In the particular repro in your repository, you've gone with the default of having dune wrap your library - and in particular you've hand-written the top-level module Odoc_pb.ml that serves as the one module intended to be exposed by your library. As explained in the link above, the other modules in the library are built with mangled names (Odoc_pb__Odoc and Odoc_pb__Odoc_intf), and in order to preserve the short names for these modules, dune first creates and compiles the namespace module odoc_pb__.ml-gen in the _build/default directory. The contents of this file is as follows:

(** @canonical Odoc_pb.Odoc *)
module Odoc = Odoc_pb__Odoc

(** @canonical Odoc_pb.Odoc_intf *)
module Odoc_intf = Odoc_pb__Odoc_intf

This file is compiled first (with -no-alias-deps so we're not required to have compiled Odoc_pb__Odoc or Odoc_pb__Odoc_intf before this one). We then compile the modules Odoc.ml and Odoc_intf.ml with the option -open Odoc_pb__, which brings the short names for your modules into scope, and so your modules can continue to pretend that the modules have been compiled without the name mangling.

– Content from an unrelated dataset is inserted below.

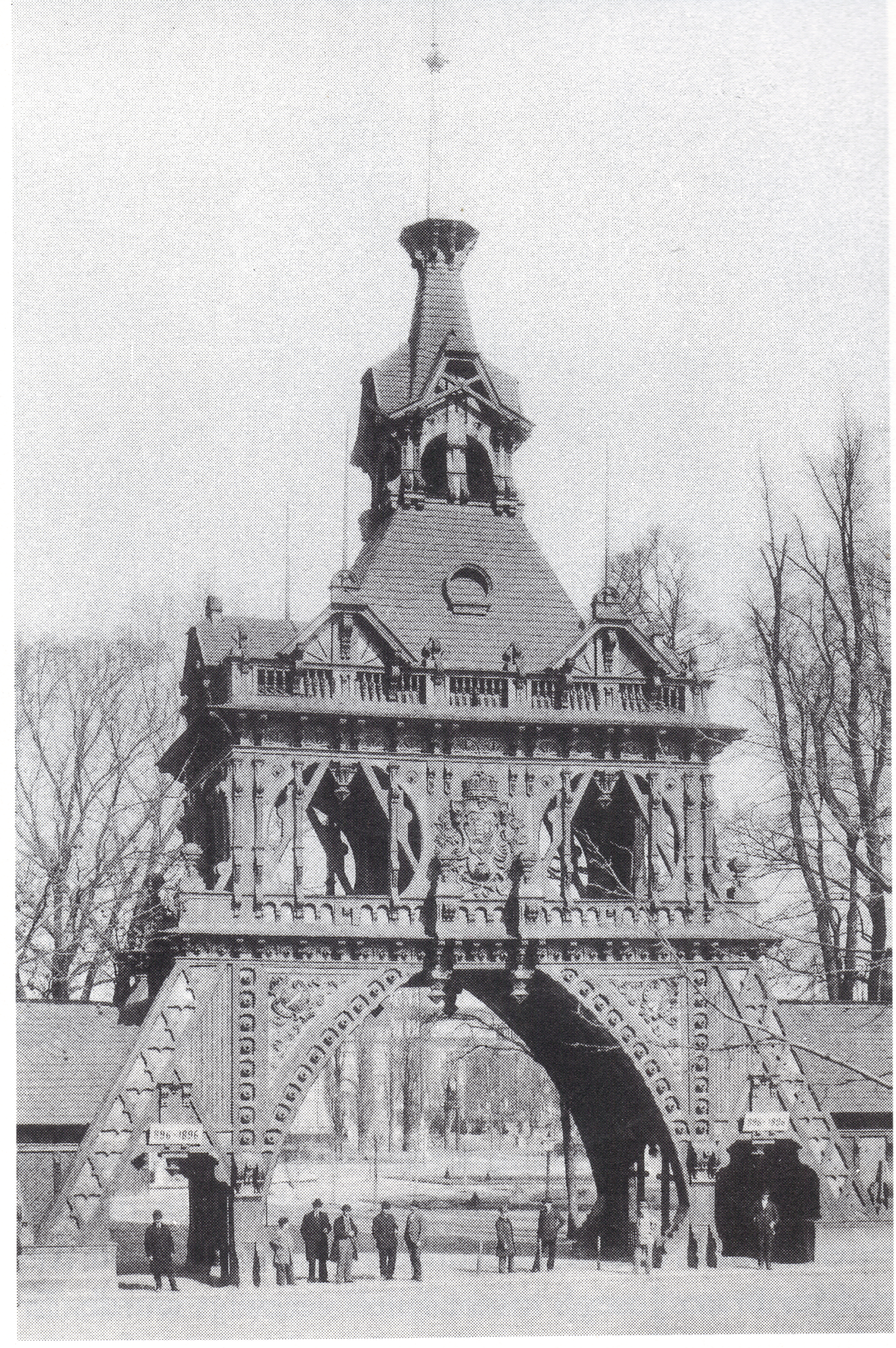 One of the main gates to Budapest's Millennium Exhibition of 1896

The problem here is that dune and odoc need to cooperate in order to maintain the fiction that the namespaced modules are the only ones that exist - so dune annotates the aliases to the modules with the mangled names with the canonical tags you can see above. This is an instruction to odoc that whenever it sees Odoc_pb__Odoc, it should actually replace that with a reference to Odoc_pb.Odoc. When dune is responsible for the toplevel module - ie., nobody has written the x.ml file for a library x, this will all work flawlessly. When the library author has written their own toplevel module (odoc_pb.ml in your case), dune has no choice but to assume the modules have been exposed there, but nothing can ensure this has been done. Odoc will check that that path exists before doing the replacement, and if it doesn't exist it doesn't do it. Since odoc goes to some lengths to pretend these modules with double underscores don't exist, it ends up hiding anything that refers to a module with a double underscore. This is a reasonable stance, since as far as odoc knows, those modules have been intentionally left out of the 'public' interface.

The usual fix is to make sure that everything that is meant to be exposed is available through the top-level module in some way, and that canonical paths are set up to ensure odoc knows how to rewrite references to hidden items.

In your case, the simplest way to do this is to put in the aliases that dune was expecting to be present - ie add these lines to odoc_pb.ml:

module Odoc = Odoc
module Odoc_intf = Odoc_intf

Of course, the reason that the inlined modules don't suffer from this is because none of this name mangling happens!

jonludlam commented 2 years ago

Odoc can detect when these canonical paths don't exist, and we could probably emit some warnings that point out exactly what's going wrong here. This might not be easy as in many cases the aliases have not been put in intentionally - e.g. in base, the module Applicative_intf is not exposed, but this intentional as everything ought to be available through the module Applicative.